## [WHAT YOU WILL DO]
Whenever a line in the entries includes the word "environment", copy that line out.
···
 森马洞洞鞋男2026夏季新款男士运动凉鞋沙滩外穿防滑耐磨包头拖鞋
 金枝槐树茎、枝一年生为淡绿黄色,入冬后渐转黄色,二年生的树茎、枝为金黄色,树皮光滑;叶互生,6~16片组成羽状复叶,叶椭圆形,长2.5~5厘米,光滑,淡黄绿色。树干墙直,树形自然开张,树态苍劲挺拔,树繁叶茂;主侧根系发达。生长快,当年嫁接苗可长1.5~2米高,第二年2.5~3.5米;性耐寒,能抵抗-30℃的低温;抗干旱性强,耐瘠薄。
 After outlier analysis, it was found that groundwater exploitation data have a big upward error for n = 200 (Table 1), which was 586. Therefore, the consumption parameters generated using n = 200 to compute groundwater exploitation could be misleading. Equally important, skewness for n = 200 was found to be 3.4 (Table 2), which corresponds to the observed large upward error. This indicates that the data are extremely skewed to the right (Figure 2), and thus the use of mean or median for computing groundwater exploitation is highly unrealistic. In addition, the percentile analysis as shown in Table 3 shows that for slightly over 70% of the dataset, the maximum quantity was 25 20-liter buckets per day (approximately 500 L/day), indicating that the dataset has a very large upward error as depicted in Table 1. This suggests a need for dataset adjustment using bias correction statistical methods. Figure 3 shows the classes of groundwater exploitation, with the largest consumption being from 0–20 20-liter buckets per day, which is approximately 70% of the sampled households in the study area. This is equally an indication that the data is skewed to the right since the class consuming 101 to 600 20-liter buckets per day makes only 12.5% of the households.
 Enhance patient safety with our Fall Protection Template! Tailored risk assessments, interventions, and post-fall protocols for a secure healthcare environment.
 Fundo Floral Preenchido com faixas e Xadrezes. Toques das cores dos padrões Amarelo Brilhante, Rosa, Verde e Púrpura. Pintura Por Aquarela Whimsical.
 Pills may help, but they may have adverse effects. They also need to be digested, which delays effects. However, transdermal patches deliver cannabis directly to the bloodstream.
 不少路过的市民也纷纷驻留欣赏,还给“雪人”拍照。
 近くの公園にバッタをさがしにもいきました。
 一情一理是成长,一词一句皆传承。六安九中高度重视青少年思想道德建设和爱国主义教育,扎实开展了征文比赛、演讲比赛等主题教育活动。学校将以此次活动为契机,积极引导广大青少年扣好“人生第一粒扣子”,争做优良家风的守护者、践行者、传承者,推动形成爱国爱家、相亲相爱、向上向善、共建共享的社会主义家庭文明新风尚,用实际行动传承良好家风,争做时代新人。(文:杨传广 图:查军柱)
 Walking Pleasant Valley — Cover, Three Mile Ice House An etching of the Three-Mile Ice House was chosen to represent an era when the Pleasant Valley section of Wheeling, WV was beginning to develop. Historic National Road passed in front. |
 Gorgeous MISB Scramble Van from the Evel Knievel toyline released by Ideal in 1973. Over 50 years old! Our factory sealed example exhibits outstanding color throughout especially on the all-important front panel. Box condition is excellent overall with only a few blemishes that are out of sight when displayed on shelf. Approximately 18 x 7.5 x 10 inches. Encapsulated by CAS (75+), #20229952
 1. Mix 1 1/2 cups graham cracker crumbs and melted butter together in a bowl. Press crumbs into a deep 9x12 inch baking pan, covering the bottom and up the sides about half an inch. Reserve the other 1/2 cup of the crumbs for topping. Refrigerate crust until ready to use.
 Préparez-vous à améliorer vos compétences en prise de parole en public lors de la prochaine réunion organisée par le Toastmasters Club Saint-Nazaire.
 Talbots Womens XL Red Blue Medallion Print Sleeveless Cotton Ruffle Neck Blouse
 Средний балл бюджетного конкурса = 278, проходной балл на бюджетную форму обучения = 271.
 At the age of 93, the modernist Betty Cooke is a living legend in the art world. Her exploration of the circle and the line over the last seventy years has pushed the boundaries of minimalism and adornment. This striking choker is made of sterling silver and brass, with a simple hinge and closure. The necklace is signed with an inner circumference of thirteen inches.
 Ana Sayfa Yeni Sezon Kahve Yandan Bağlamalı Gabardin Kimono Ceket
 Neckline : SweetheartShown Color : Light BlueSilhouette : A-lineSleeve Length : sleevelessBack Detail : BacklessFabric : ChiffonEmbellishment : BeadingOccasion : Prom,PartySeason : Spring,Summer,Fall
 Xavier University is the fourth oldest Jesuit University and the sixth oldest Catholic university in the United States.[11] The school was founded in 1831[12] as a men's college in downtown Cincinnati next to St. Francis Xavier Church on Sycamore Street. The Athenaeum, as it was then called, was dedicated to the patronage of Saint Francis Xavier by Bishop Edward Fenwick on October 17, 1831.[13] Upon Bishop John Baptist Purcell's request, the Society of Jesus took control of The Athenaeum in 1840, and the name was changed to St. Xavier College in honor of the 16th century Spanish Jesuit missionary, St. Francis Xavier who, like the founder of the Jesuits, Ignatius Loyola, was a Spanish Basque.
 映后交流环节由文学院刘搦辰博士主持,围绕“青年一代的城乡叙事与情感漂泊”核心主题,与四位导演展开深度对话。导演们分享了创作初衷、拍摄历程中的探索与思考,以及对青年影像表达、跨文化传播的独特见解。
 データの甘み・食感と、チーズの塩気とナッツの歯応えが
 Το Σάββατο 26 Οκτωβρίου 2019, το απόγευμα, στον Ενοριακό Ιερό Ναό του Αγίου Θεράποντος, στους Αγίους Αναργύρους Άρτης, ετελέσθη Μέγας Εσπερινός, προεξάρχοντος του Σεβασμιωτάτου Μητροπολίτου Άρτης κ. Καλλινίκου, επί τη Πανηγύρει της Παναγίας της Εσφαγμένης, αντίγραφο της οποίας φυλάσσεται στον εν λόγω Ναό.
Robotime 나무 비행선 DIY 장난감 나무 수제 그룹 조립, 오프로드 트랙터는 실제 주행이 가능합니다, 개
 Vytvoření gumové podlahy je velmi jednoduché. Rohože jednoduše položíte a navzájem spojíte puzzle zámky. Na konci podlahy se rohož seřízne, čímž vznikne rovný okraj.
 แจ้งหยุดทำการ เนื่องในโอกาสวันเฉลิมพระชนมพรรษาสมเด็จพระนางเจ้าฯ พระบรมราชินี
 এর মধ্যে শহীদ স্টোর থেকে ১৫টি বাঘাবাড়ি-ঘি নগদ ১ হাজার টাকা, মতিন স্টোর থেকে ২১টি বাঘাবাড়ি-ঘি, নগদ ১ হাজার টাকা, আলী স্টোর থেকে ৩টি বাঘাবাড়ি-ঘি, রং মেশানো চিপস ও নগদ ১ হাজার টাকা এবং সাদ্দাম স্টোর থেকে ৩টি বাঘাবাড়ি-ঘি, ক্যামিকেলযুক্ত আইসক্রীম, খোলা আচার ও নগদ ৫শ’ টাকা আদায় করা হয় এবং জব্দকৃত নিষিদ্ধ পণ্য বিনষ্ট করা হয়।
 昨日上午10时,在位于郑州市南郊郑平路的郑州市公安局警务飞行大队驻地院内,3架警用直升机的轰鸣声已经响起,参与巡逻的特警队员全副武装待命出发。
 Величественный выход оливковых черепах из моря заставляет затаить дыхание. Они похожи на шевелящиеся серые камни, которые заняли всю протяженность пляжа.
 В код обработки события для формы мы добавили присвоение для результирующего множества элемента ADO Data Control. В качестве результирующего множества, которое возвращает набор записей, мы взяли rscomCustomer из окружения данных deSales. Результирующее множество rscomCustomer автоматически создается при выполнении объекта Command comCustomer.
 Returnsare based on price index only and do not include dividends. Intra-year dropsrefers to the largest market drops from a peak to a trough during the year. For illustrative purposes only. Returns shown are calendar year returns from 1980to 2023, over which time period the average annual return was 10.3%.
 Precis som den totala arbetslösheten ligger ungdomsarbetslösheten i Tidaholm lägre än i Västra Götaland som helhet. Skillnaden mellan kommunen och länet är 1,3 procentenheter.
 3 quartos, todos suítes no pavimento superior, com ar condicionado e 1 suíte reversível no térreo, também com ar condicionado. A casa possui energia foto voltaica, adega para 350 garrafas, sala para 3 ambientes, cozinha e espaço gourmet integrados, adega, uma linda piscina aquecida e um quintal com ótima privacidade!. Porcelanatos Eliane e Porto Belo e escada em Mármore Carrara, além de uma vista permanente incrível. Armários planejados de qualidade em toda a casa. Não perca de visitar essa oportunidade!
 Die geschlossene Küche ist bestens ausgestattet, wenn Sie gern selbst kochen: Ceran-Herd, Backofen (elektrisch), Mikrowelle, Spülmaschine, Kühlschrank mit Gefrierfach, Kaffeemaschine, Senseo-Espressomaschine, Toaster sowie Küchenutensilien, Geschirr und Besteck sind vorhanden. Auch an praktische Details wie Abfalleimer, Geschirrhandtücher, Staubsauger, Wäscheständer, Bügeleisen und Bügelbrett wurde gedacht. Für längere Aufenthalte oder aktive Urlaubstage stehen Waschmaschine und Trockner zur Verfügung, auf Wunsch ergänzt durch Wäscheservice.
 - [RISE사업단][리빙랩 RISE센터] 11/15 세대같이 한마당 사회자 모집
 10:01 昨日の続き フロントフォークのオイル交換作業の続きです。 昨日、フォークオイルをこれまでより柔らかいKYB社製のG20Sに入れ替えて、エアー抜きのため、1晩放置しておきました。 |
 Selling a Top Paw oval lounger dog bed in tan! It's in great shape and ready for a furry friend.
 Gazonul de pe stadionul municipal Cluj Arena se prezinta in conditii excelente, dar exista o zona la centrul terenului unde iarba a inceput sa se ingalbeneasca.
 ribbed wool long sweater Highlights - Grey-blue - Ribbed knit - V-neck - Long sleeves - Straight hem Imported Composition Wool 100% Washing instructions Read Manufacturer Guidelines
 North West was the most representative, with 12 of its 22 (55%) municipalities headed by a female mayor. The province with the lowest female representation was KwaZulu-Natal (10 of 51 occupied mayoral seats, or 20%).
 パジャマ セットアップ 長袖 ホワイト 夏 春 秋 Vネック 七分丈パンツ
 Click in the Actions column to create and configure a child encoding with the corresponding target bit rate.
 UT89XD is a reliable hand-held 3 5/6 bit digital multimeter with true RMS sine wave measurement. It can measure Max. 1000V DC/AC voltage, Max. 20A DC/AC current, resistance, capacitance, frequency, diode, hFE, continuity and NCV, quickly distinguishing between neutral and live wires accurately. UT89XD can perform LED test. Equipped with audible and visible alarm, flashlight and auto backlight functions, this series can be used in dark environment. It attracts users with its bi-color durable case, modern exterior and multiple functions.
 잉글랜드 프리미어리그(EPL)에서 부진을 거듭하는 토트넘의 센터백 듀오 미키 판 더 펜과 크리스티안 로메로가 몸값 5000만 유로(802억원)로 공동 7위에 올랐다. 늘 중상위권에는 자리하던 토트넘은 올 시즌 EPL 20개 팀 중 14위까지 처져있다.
···
## [TASK ANSWER]
 Enhance patient safety with our Fall Protection Template! Tailored risk assessments, interventions, and post-fall protocols for a secure healthcare environment.
 UT89XD is a reliable hand-held 3 5/6 bit digital multimeter with true RMS sine wave measurement. It can measure Max. 1000V DC/AC voltage, Max. 20A DC/AC current, resistance, capacitance, frequency, diode, hFE, continuity and NCV, quickly distinguishing between neutral and live wires accurately. UT89XD can perform LED test. Equipped with audible and visible alarm, flashlight and auto backlight functions, this series can be used in dark environment. It attracts users with its bi-color durable case, modern exterior and multiple functions.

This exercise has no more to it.